- Photo courtesy of Niko Storment
- Krissy Marchante has deejayed pretty much every club in the Bay Area.
Up-and-coming DJ Krissy Marchante has done her part to elevate women rappers in the Bay Area — but she's sick of women not having each others' backs.
"Oh my God, women are so hard," she said. "It's like there's so little of us, and we are just so competitive."
From the few female faces populating the homepage of WorldStar, a hip-hop video blog, to large-scale celebrity rapper beefs between the likes of Cardi B and Nicki Minaj, the pressure doubles for women in the hip-hop world.
"We have to support each other," said Marchante. "How many guys can't rap that are making hella money?"
Last summer, Marchante dropped a mixtape, Poon Typhoon, starring six different rising local female rappers: DeOzene, Kay Bellz, Qing Qi, Coco Cissoko, Ray Banz, and Outrageous Karina. House beats provide a backdrop to deft rhymes mostly about making and flexing money. Marchante said she draws inspiration from Canadian DJ Kaytranada, but also from a lot of women artists — everyone from Missy Elliot to Tori Amos. Male rappers, on the other hand, start to get on her nerves after a while.
"It's like, shut up, how many times are you gonna diss me in a song?" she said. "I'm like, think about how easy it is for you to call us a bitch."
Marchante met most of the rappers featured on Poon Typhoon at an all-woman cypher DJ Shellheart held at Oaklandish earlier this year. Others she met by chance while driving Uber, or she'd already worked with them before: Marchante deejays regularly for rapper and Thizzler host Qing Qi.

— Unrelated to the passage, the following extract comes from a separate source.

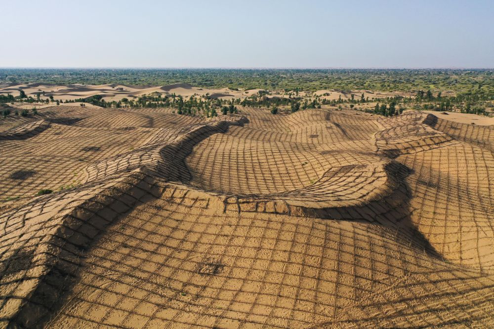 這是2025年9月12日在內(nèi)蒙古鄂爾多斯市拍攝的正在治理中的庫(kù)布其沙漠(無(wú)人機(jī)照片)。新華社記者 李志鵬 攝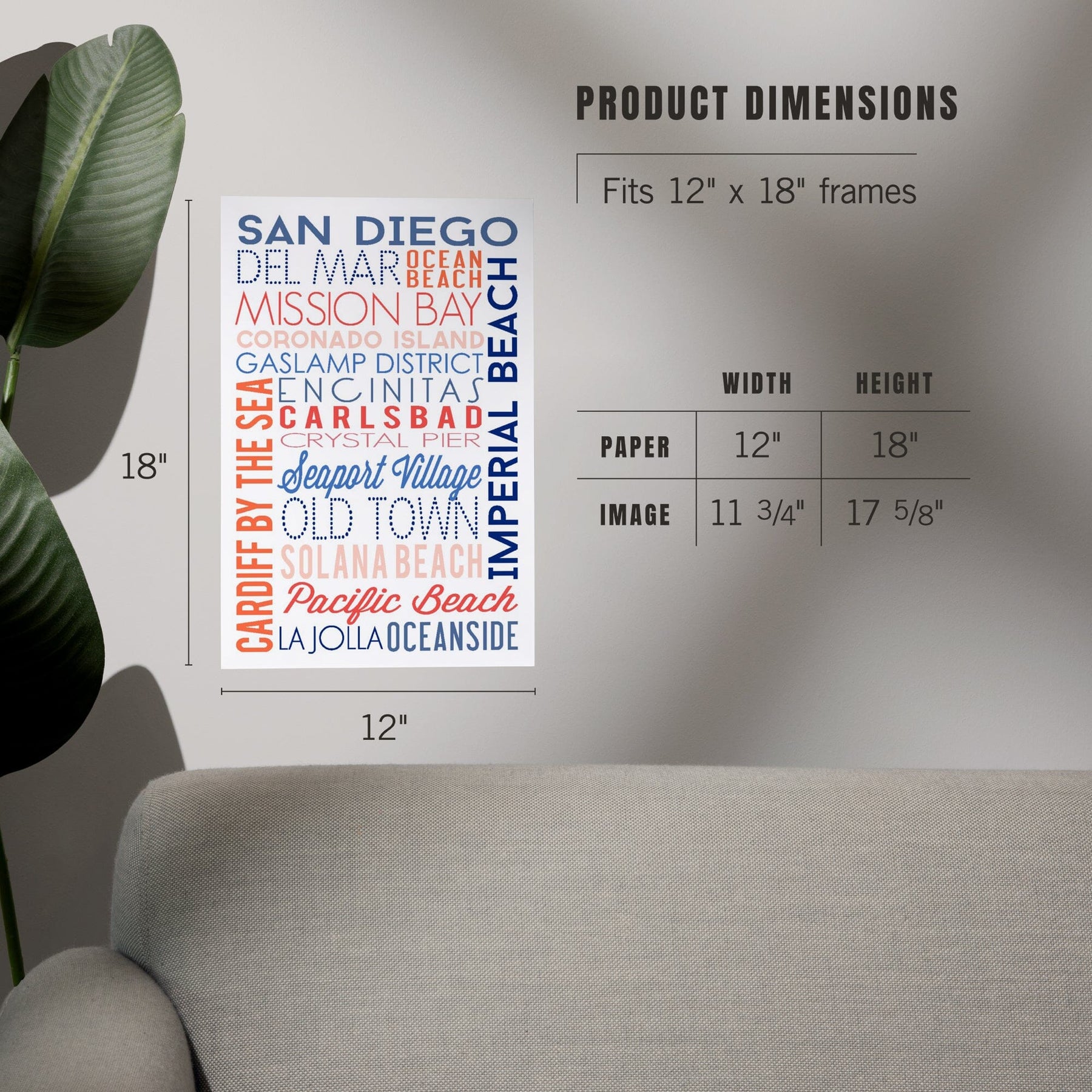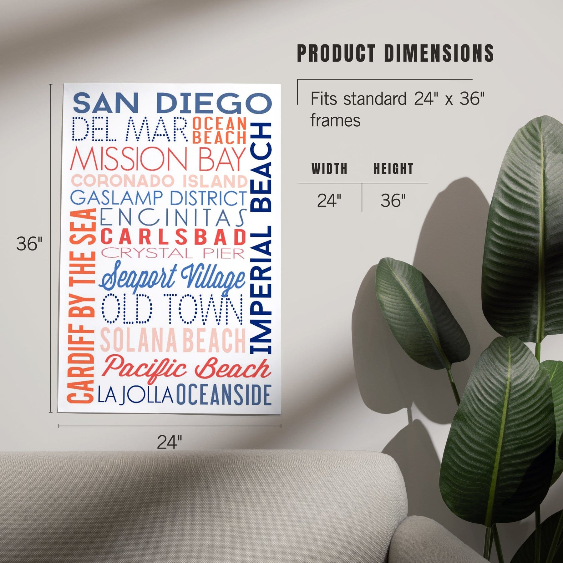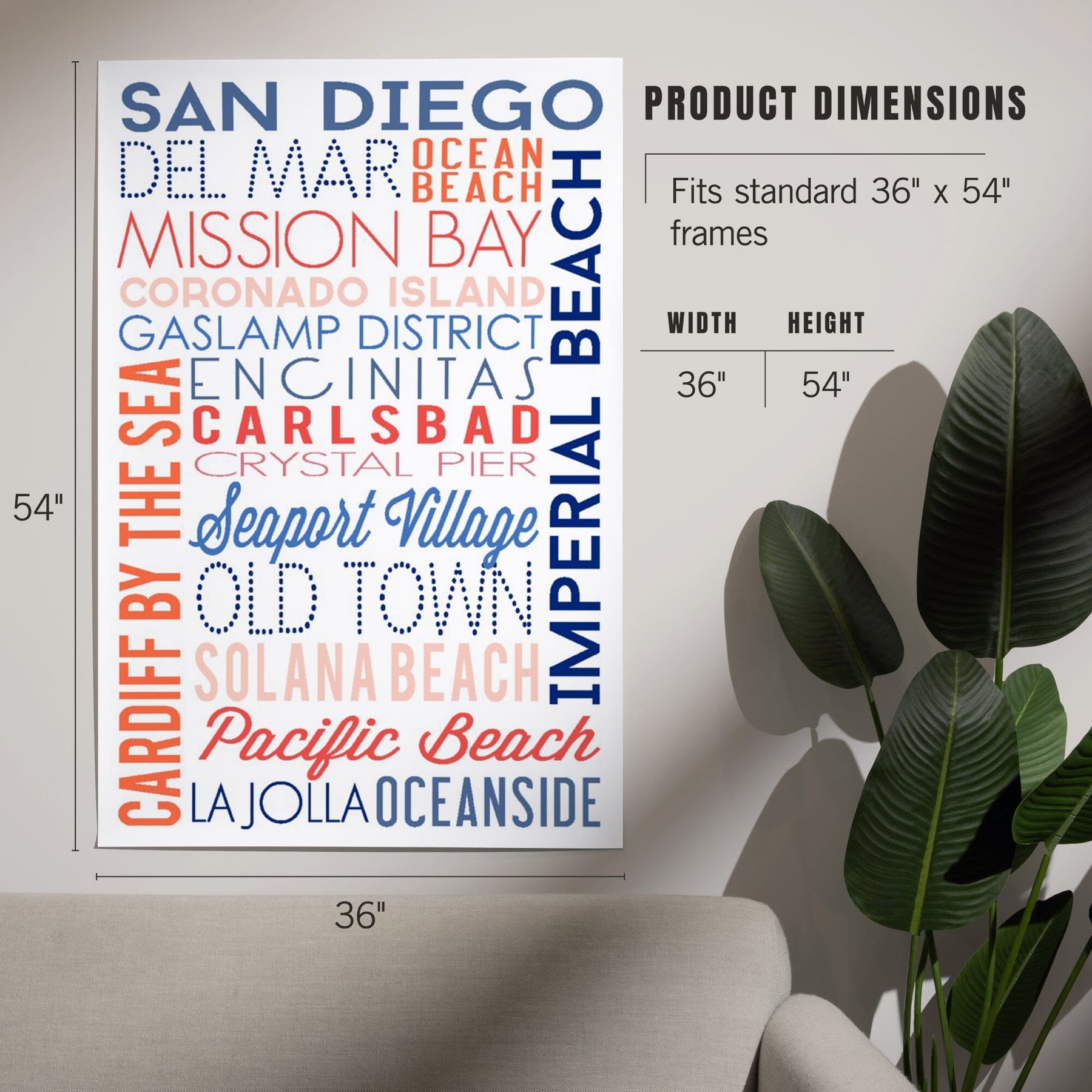 San Diego, California, Typography, Art & Giclee Prints Art Lantern Press

While the Richmond DJ has been very supportive of other women in the scene, she doesn't deny that she's still extremely competitive. "I'm just trying to be the best that I can be, and I want to be on top no matter what. I don't care if you're a child, your grandma, or whatever," she said.
Marchante grew up in Albany's University Village while her mother studied at UC Berkeley. She described it as a very diverse community, where she played with kids from all kinds of different cultures, from Samoan to Filipino to Mexican families. As a kid, she aspired to be a pro skater — until she discovered deejaying.
At age 14, she stumbled upon a house music tent at Live 105's BFD Festival at the Shoreline Amphitheatre. She saw DJ AM perform, and that was the moment that sparked her interest in her future career. An older friend asked Marchante's mother for permission to buy her a small mixer, and she immediately began teaching herself mixing and mastering.
After Marchante's older brother died, her mother was very protective of her — "Every time I messed up in the slightest, she was like, 'You're grounded forever,'" Marchante said.
But being grounded constantly wasn't all bad — in fact, now she's grateful for her mother's strict parenting style. It gave her lots of time to practice deejaying. And even while keeping a watchful eye over her, her mother was always supportive of her craft. In high school, she would drive Marchante to house parties and drop her off around the corner — and, of course, be waiting to breathalyze her when the party got shut down for being too loud.
"I do it for not only myself but for her," said Marchante of her relentless hustle to succeed. "I told her I'm gonna build a house on Albany Hill for her."
She's got it all planned out, too. Step one: move to Los Angeles, play the big clubs there, get scouted. Step two: a contract in Las Vegas. Step three: get noticed, make beats for some big names. Step four: tour the world. And this isn't just a pipe dream — her move to LA is already well underway, and she hopes to relocate by next month.
Marchante prefers the laidback vibe of the Bay Area. "I don't even really necessarily want to go," she admitted. "You know, it's not like I have a fear of missing out, but I feel like it's more busy down there."
She's deejayed pretty much every club in the Bay, and has played shows with prominent rappers such as Saweetie and Princess Nokia. She's even delved into the LGBTQ club scene here a bit, having played at Oakland's newest queer dance party, UNIQ, at the Port Bar earlier this month. But she doesn't want to pigeon-hole herself as a "gay DJ." Marchante sees her potential as having a much broader scope than that, and thinks the Bay has done all it can for her at this point.
"I feel like I've done what I can right now and I can come back to it later. It's not going anywhere," she explained.
She figures LA is the best move for advancing her career right now. And she's prepared to do just about anything to make that happen. One of the things that sets her apart as a DJ, she says, is how badly she truly wants to succeed.
"There's nothing else in my life that I care about more. I'm obsessed. I don't want to go hang out with anybody," she explained. "I'm not satisfied unless I'm onstage making moves."
LA doesn't know what's about to hit it. Marchante has dozens of new projects she's almost ready to release, and she's working on getting support from a label down there.
"I'm definitely about to go stomp around in LA and create my presence down there," she said. "It's about to be 10 times more aggressive than what I'm doing now."